───── DATASET EXCERPTS
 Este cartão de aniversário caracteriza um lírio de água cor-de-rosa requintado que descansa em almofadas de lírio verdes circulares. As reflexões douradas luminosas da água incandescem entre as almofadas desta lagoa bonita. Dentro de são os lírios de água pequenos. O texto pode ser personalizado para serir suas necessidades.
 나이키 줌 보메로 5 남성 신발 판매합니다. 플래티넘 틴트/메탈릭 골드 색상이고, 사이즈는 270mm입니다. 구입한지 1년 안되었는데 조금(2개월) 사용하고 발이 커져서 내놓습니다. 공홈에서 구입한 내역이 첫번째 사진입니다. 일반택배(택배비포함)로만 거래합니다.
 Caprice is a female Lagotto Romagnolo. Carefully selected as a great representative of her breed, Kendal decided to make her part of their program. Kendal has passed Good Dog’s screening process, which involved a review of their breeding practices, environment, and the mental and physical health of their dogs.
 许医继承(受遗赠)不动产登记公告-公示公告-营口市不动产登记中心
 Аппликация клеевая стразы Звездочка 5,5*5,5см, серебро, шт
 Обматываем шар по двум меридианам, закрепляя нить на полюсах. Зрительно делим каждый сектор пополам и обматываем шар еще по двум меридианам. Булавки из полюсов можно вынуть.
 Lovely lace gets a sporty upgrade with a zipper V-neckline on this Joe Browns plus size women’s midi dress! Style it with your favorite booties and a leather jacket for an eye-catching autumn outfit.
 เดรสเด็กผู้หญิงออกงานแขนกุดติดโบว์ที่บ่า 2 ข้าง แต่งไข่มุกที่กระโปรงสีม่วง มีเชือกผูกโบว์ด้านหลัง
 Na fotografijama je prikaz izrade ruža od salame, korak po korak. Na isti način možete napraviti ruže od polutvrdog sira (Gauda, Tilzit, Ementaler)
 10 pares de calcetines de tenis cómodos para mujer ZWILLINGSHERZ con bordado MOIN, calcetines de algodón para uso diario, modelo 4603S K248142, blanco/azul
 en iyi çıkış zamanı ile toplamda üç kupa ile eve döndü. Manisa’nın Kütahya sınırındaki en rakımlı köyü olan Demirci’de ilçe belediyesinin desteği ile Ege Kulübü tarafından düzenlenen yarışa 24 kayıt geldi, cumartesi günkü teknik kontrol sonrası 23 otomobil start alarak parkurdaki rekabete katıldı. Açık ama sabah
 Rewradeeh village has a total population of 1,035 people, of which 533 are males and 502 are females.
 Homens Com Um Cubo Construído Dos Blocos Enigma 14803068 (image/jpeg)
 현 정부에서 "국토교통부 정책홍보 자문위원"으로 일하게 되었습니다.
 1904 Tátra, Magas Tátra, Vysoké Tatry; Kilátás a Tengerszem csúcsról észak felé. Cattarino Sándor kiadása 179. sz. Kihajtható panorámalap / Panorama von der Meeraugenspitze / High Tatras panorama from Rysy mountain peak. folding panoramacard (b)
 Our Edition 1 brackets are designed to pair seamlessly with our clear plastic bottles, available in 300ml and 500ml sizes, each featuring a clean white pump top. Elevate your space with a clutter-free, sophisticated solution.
──────────
WHAT YOU SHOULD DO =
Give back every line of the material, exactly as written.

REPLY TO THE EXERCISE =
 Este cartão de aniversário caracteriza um lírio de água cor-de-rosa requintado que descansa em almofadas de lírio verdes circulares. As reflexões douradas luminosas da água incandescem entre as almofadas desta lagoa bonita. Dentro de são os lírios de água pequenos. O texto pode ser personalizado para serir suas necessidades.
 나이키 줌 보메로 5 남성 신발 판매합니다. 플래티넘 틴트/메탈릭 골드 색상이고, 사이즈는 270mm입니다. 구입한지 1년 안되었는데 조금(2개월) 사용하고 발이 커져서 내놓습니다. 공홈에서 구입한 내역이 첫번째 사진입니다. 일반택배(택배비포함)로만 거래합니다.
 Caprice is a female Lagotto Romagnolo. Carefully selected as a great representative of her breed, Kendal decided to make her part of their program. Kendal has passed Good Dog’s screening process, which involved a review of their breeding practices, environment, and the mental and physical health of their dogs.
 许医继承(受遗赠)不动产登记公告-公示公告-营口市不动产登记中心
 Аппликация клеевая стразы Звездочка 5,5*5,5см, серебро, шт
 Обматываем шар по двум меридианам, закрепляя нить на полюсах. Зрительно делим каждый сектор пополам и обматываем шар еще по двум меридианам. Булавки из полюсов можно вынуть.
 Lovely lace gets a sporty upgrade with a zipper V-neckline on this Joe Browns plus size women’s midi dress! Style it with your favorite booties and a leather jacket for an eye-catching autumn outfit.
 เดรสเด็กผู้หญิงออกงานแขนกุดติดโบว์ที่บ่า 2 ข้าง แต่งไข่มุกที่กระโปรงสีม่วง มีเชือกผูกโบว์ด้านหลัง
 Na fotografijama je prikaz izrade ruža od salame, korak po korak. Na isti način možete napraviti ruže od polutvrdog sira (Gauda, Tilzit, Ementaler)
 10 pares de calcetines de tenis cómodos para mujer ZWILLINGSHERZ con bordado MOIN, calcetines de algodón para uso diario, modelo 4603S K248142, blanco/azul
 en iyi çıkış zamanı ile toplamda üç kupa ile eve döndü. Manisa’nın Kütahya sınırındaki en rakımlı köyü olan Demirci’de ilçe belediyesinin desteği ile Ege Kulübü tarafından düzenlenen yarışa 24 kayıt geldi, cumartesi günkü teknik kontrol sonrası 23 otomobil start alarak parkurdaki rekabete katıldı. Açık ama sabah
 Rewradeeh village has a total population of 1,035 people, of which 533 are males and 502 are females.
 Homens Com Um Cubo Construído Dos Blocos Enigma 14803068 (image/jpeg)
 현 정부에서 "국토교통부 정책홍보 자문위원"으로 일하게 되었습니다.
 1904 Tátra, Magas Tátra, Vysoké Tatry; Kilátás a Tengerszem csúcsról észak felé. Cattarino Sándor kiadása 179. sz. Kihajtható panorámalap / Panorama von der Meeraugenspitze / High Tatras panorama from Rysy mountain peak. folding panoramacard (b)
 Our Edition 1 brackets are designed to pair seamlessly with our clear plastic bottles, available in 300ml and 500ml sizes, each featuring a clean white pump top. Elevate your space with a clutter-free, sophisticated solution.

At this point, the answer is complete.